* **The data**
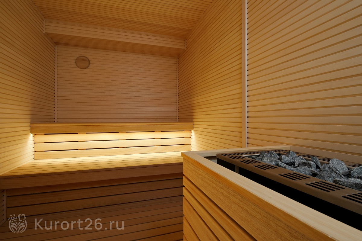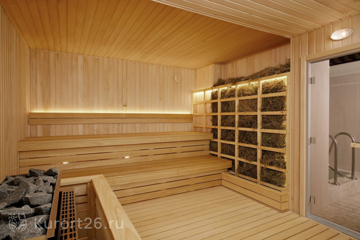 - Банный комплекс с выплывом в открытый бассейн терм: турецкий хаммам, римская баня, арома-сауна, солевая сауна, уличная баня, снегогенератор, купель, дорожка Кнейпа, душ впечатлений, комнаты отдыха с водяными матрасами
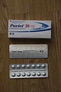 Le rabéprazole est un antisécrétoire gastrique inhibiteur de la pompe à protons[4], antiulcéreux. Il est utilisé comme tous les principes actifs de cette classe médicamenteuse pour traiter les ulcères infectieux ou non, le syndrome de Zollinger–Ellison, les excès de production d'acides dans l'estomac et dans les reflux gastro-oesophagiens.
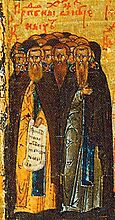 Ως αγιόλεκτος του Λόγου χορεία, εν τω Σινά και Ραϊθώ οι Αββάδες αγγελικώς ηρίστευσαν αγώσιν ιεροίς ιδρώσι γαρ ασκήσεως των αιμάτων τους όμβρους, μυστικώς κεράσαντες χαρισμάτων κρατήρα, πνευματικώς προτίθενται ημίν, εξ΄ου τυρφώντες, αυτούς μακαρίσωμεν.
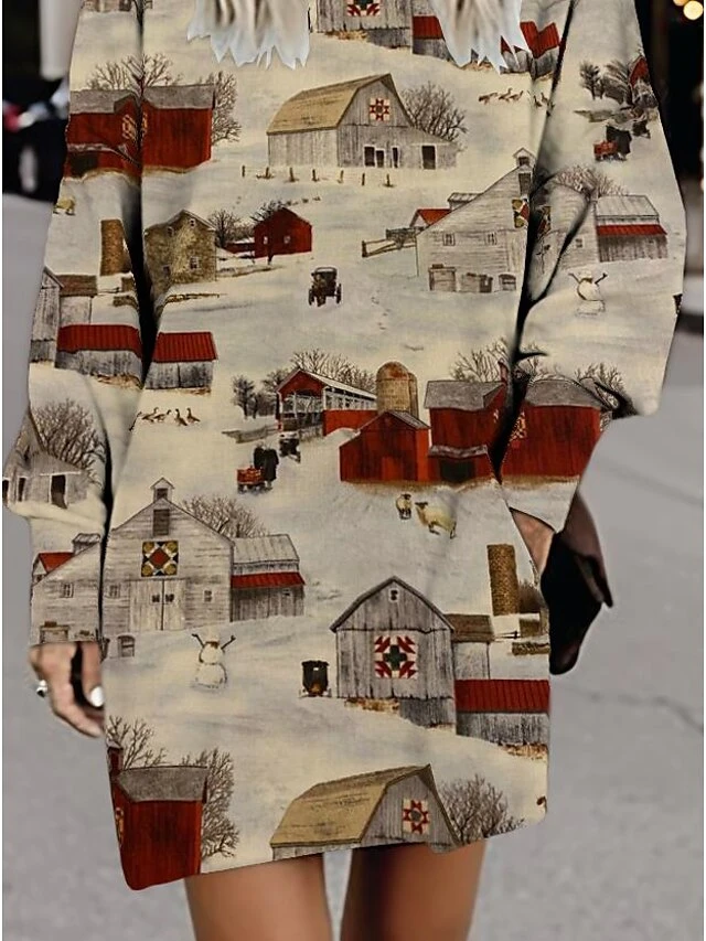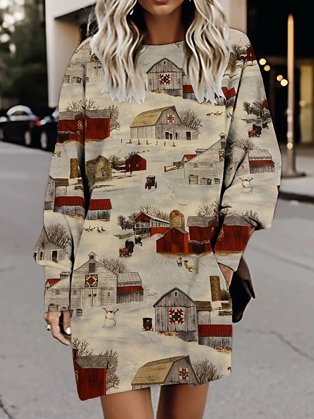 Women’s Casual Dress Christmas Dress Sweatshirt Dress Letter Snowflake Pocket Print Crew Neck Mini Dress Fashion Streetwear Outdoor Christmas Long Sleeve Loose Fit Wine Fall Winter S M L XL XXL
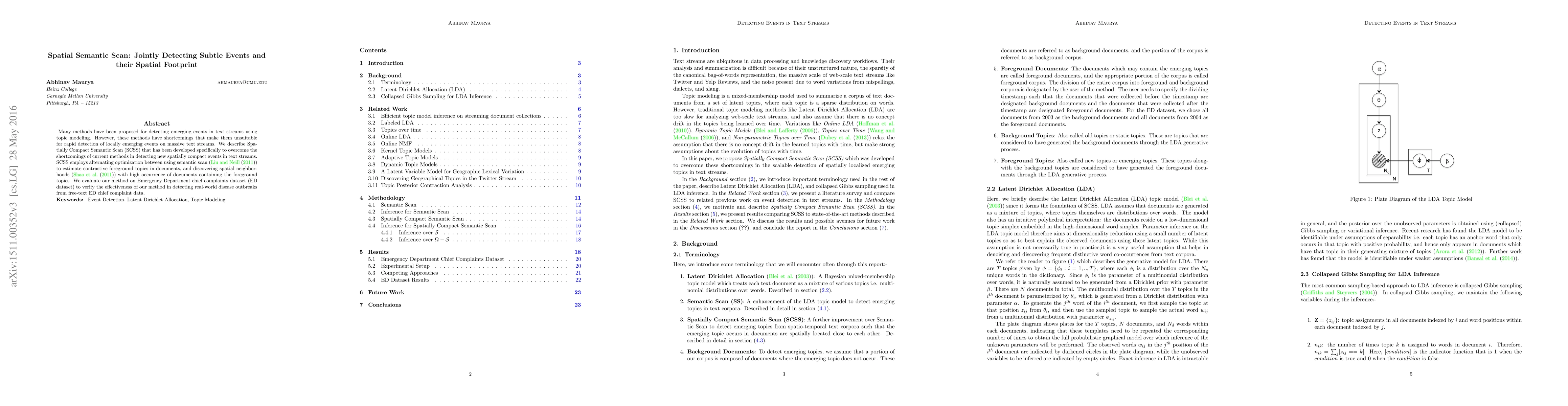 The Spatially Compact Semantic Scan (SCSS) method is designed to detect emerging, spatially compact events in massive text streams by combining semantic scan techniques with spatial neighborhood discovery. Evaluated on the Emergency Department chief complaints dataset, SCSS demonstrates effectiveness in identifying real-world disease outbreaks from free-text data.
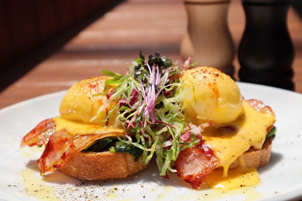 △自家製のパン・ド・カンパーニュを使った定番人気の「エッグベネディクト」1,200円。自家製オランデーズソースが絶品!
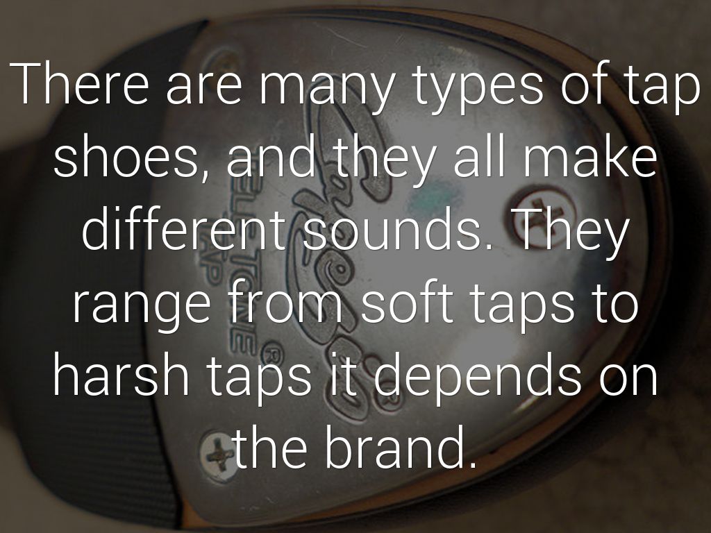 There are many types of tap shoes, and they all make different sounds. They range from soft taps to harsh taps it depends on the brand.

* **What to do**
The answer must be an exact copy of the lines from the one containing "The Spatially Compact" through the last line of the records, and nothing else. Pictures do not belong in it.

* **Solution**
 The Spatially Compact Semantic Scan (SCSS) method is designed to detect emerging, spatially compact events in massive text streams by combining semantic scan techniques with spatial neighborhood discovery. Evaluated on the Emergency Department chief complaints dataset, SCSS demonstrates effectiveness in identifying real-world disease outbreaks from free-text data.
 △自家製のパン・ド・カンパーニュを使った定番人気の「エッグベネディクト」1,200円。自家製オランデーズソースが絶品!
 There are many types of tap shoes, and they all make different sounds. They range from soft taps to harsh taps it depends on the brand.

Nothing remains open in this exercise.